__The problem__. Reproduce the whole listing word for word. Leave every image out.

__Data excerpt__.

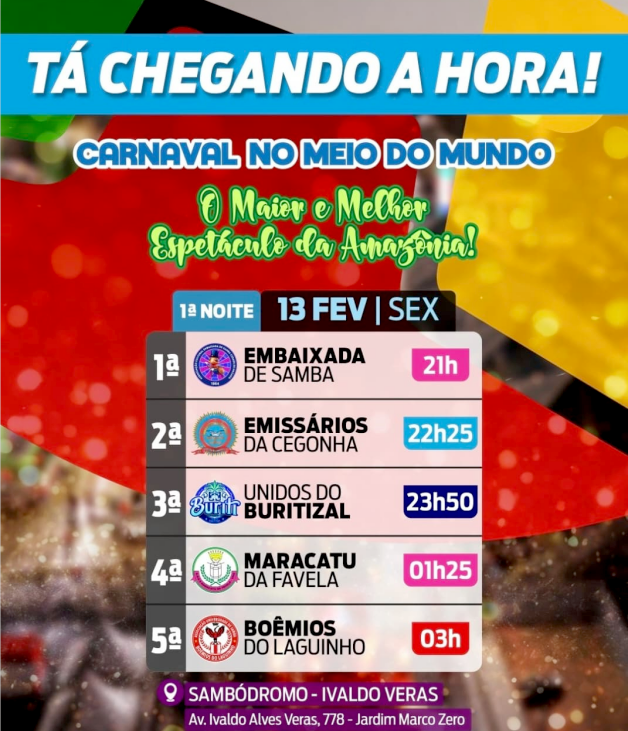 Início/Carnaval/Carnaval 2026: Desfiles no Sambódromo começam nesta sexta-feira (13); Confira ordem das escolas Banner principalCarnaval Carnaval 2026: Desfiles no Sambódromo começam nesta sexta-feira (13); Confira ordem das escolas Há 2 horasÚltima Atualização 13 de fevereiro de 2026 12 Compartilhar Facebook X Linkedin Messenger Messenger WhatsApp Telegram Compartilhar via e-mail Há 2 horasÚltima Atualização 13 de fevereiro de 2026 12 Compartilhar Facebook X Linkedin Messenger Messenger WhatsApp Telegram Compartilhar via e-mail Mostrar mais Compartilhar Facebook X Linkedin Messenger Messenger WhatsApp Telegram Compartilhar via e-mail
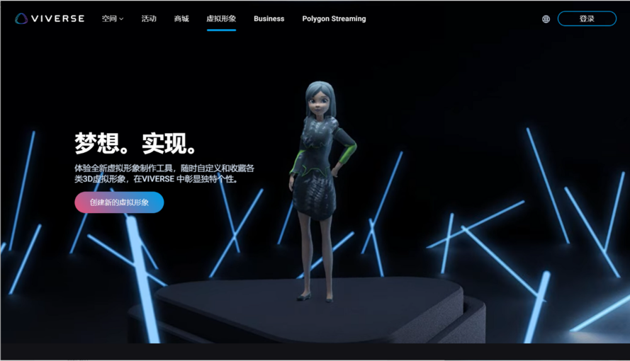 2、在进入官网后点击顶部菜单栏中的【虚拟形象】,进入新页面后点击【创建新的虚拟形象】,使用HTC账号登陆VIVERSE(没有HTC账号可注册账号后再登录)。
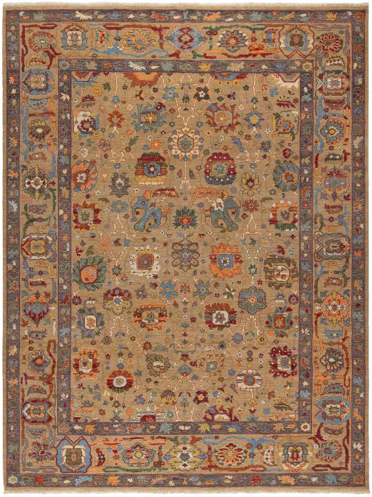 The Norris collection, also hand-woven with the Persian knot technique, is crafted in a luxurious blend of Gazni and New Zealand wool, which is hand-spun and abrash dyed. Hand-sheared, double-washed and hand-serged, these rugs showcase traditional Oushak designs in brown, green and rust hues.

__Answer box__.
 Início/Carnaval/Carnaval 2026: Desfiles no Sambódromo começam nesta sexta-feira (13); Confira ordem das escolas Banner principalCarnaval Carnaval 2026: Desfiles no Sambódromo começam nesta sexta-feira (13); Confira ordem das escolas Há 2 horasÚltima Atualização 13 de fevereiro de 2026 12 Compartilhar Facebook X Linkedin Messenger Messenger WhatsApp Telegram Compartilhar via e-mail Há 2 horasÚltima Atualização 13 de fevereiro de 2026 12 Compartilhar Facebook X Linkedin Messenger Messenger WhatsApp Telegram Compartilhar via e-mail Mostrar mais Compartilhar Facebook X Linkedin Messenger Messenger WhatsApp Telegram Compartilhar via e-mail
 2、在进入官网后点击顶部菜单栏中的【虚拟形象】,进入新页面后点击【创建新的虚拟形象】,使用HTC账号登陆VIVERSE(没有HTC账号可注册账号后再登录)。
 The Norris collection, also hand-woven with the Persian knot technique, is crafted in a luxurious blend of Gazni and New Zealand wool, which is hand-spun and abrash dyed. Hand-sheared, double-washed and hand-serged, these rugs showcase traditional Oushak designs in brown, green and rust hues.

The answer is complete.